Севильский слепец
Шрифт:
Мы не обменялись ни словом. Черное пятно во дворике исчезло. Пропал и сосуд. Несколько дней он простоял на ее туалетном столике, а потом испарился. П. и я маневрируем друг вокруг друга, как будто мы император и императрица на грани государственного переворота, который отдаст власть кому-то одному. Мы знаем, чем это кончится. Подозрение витает по коридорам. Мы все время вместе, что тягостно для нас обоих, но нам постоянно приходится следить за тем, что делает противник. Она пьет и ест только то, что ей готовит ее горничная-берберка. Я делаю вид, что мне это безразлично, и хожу обедать в ресторан отеля «Вилла де Франс». Я изучаю ее привычки и выжидаю. Есть одна древнеримская история про мужа и жену, оказавшихся точно в такой ситуации. Жена заметила, что муж ест фиги прямо с дерева, намазала их
25 января 1961 года, Танжер
Я сижу в мастерской. Мне пришлось потратить целый день на поиски бумажного кулечка, который сейчас лежит передо мной на столе. Я курю и разворачиваю его. Взяв пальцами два шарика цианида, подаренных мне легионером, которого я спас от тюрьмы, я подношу их к носу и нюхаю. Ничем не пахнет. Вроде бы я где-то читал, что цианид отдает миндалем.

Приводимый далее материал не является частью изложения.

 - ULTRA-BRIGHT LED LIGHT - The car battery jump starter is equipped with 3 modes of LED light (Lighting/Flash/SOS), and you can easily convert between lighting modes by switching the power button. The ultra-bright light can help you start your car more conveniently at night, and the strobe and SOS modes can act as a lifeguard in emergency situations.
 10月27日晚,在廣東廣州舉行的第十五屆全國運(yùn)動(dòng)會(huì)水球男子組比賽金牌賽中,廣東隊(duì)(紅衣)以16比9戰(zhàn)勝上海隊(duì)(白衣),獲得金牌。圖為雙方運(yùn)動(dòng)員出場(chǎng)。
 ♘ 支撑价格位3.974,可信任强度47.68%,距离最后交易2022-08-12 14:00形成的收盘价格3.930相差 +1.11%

2 февраля 1961 года, Танжер
П. стала уходить спать раньше обычного, и теперь берберка зовет кого-нибудь из детей, чтобы тот отнес ей теплое миндальное молоко. Пако и Мануэла всегда посылают Хавьера, и он с удовольствием выполняет поручение. Я наблюдаю из дворика. П. ставит молоко на прикроватную тумбочку, целует и крепко обнимает Хавьера, прежде чем отправить его спать. Потом пьет молоко и выключает свет.

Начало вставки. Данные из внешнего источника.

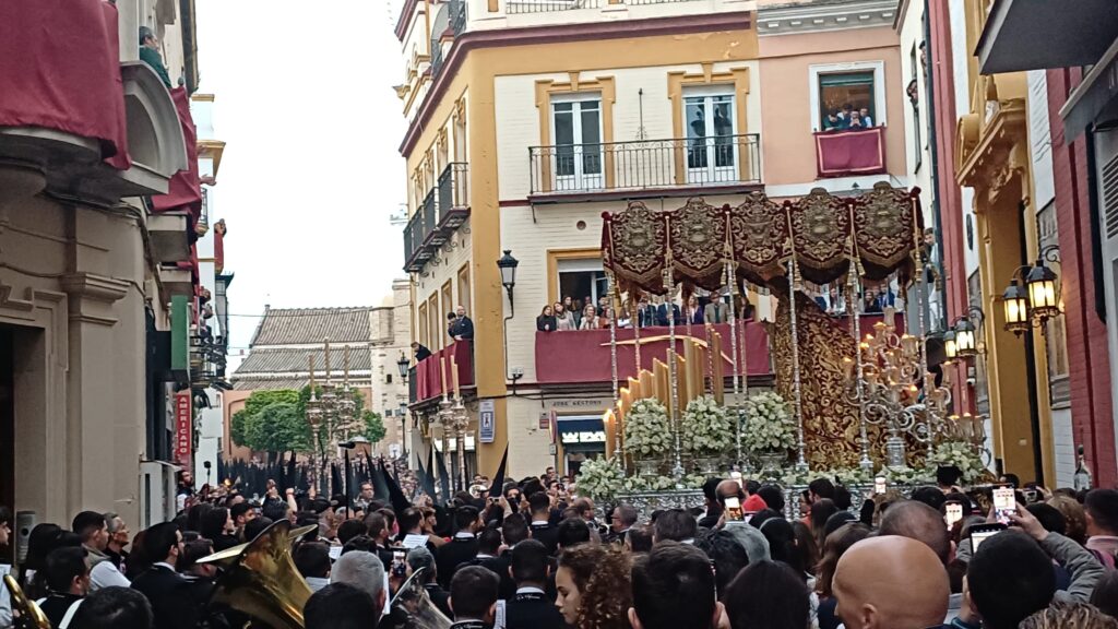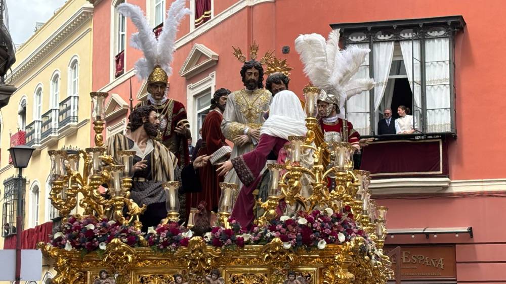 La Hermandad del Cristo de Burgos ya está en la calle, por lo que hay pleno de cofradías en este Miércoles Santo después de dos jornadas con suspensiones y refugios debido a la inestabilidad meteorológica.
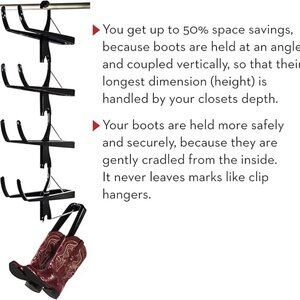 Sound about right? Boot Butler fixes that, and fast. Each Boot Butler holds five pairs of your boots. It hangs them straight, keeps the shafts rigid and allows them to naturally maintain their shape.
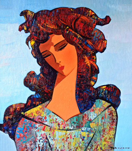 Igor Tcholaria’s Modigliani-esque technique is also concerned with the depiction of perception and reality. Revealing beauty in the everyday, the artist places porcelain-skinned women within heavily patterned backgrounds. Sooty eyes peer out from under flattened hats, their pale skirts and pantaloons billow out around them. The artist plays around with contrasts of volume, changing his mind between two and three dimensional effects, loud and soft colours. This push and pull creates a soothing optical illusion- we drift in and back out of imaginariums, stirred awake by more than a nod to those old masters who first inspired him.
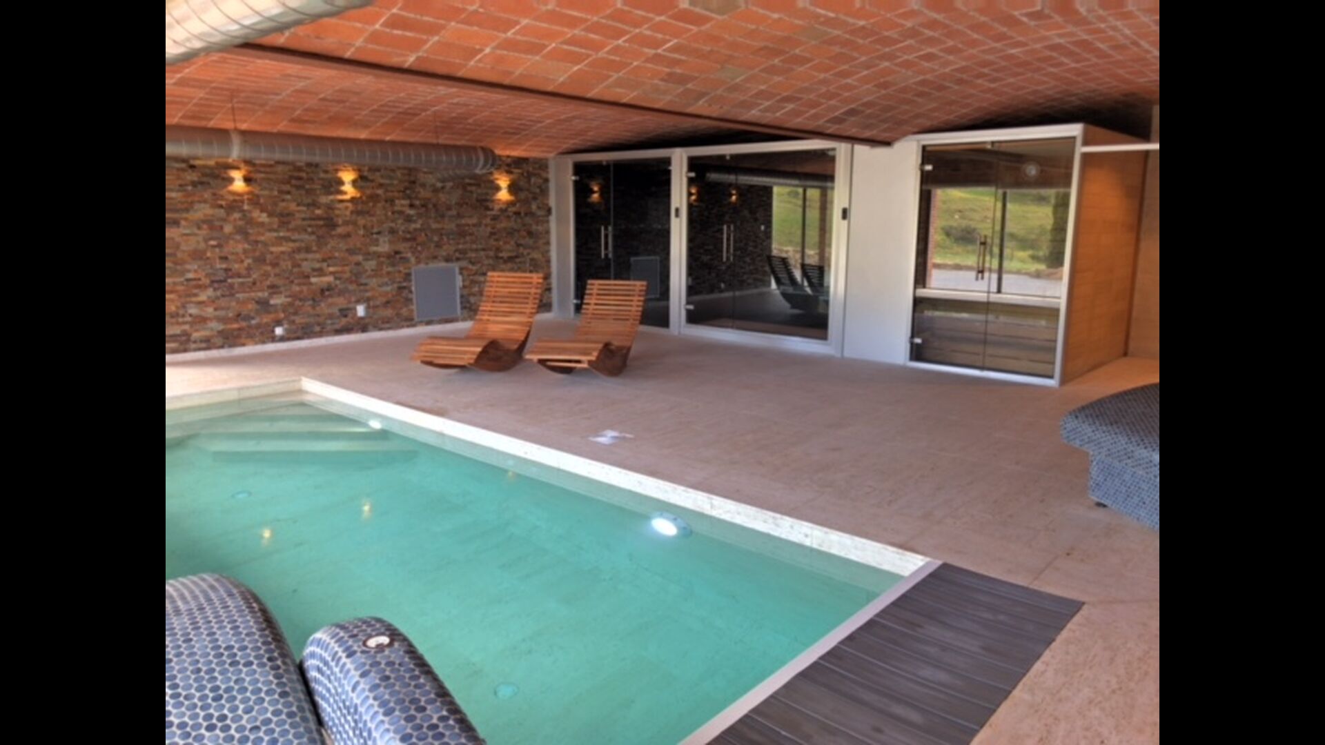 Es gibt zwei gemeinsamen Einrichtungen, die besonders hervorstechen. Einerseits der herrliche Pool (40 m2) mit einem fantastischen Blick über die Berge und Wälder. Zweitens gibt es einen ganz besonderen Spa / Wellness-Bereich, der die Folgendes enthält:

Я спрашиваю себя, хочу ли я этого. Стать женоубийцей. Неужели я настолько аморален? Такой вопрос вряд ли уместен. Мораль тут уже ни при чем. Ночи становятся длиннее, и я все больше времени провожу в темноте уединения, размышляя. Я лежу посреди мастерской, над головой сетка от москитов, и в памяти воскресают воспоминания о первых днях в России. Я смотрю через прицел на гадину, выдавшую Паблито, и вижу ее тяжело вздымающуюся грудь, потом смещаю прицел и по команде стреляю ей в рот. Ее челюсть превращается в месиво. Ответ готов.
5 февраля 1961 года, Танжер
Я сижу во дворике под фиговым деревом. При мне оба цианидных шарика. Я перекатываю их в руке. Мной движет отнюдь не ненависть, а необходимость. Для нас настал критический момент. Ничего уже нельзя изменить.

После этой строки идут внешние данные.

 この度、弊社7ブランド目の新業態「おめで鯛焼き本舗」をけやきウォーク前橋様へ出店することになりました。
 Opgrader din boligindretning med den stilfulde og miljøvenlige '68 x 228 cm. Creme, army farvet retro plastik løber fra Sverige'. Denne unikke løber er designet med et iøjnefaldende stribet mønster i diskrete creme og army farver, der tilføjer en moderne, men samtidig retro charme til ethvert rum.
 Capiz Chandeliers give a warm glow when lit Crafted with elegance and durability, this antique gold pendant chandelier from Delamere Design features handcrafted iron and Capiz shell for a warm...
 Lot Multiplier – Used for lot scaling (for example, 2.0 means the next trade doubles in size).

Вот берберка зовет детей. Минуту спустя босые ноги Хавьера уже шлепают по терракотовым плиткам. Я прячусь в одной из комнат коридора, ведущего в спальню П. Слышен приближающийся шелест Хавьеровой пижамы».
И опять неумолимо настойчивый голос Серхио уплыл вдаль. Хавьер увидел свои босые ноги на терракотовых плитках пола. У его подбородка стакан миндального молока. От напряжения он закусывает губу, стараясь не пролить ни капли, и вздрагивает от испуга, когда прямо у его плеча возникает огромное лицо отца. Оно выплывает из темноты так внезапно, что Хавьер чуть не роняет стакан, который отец, слава богу, успевает взять у него из рук.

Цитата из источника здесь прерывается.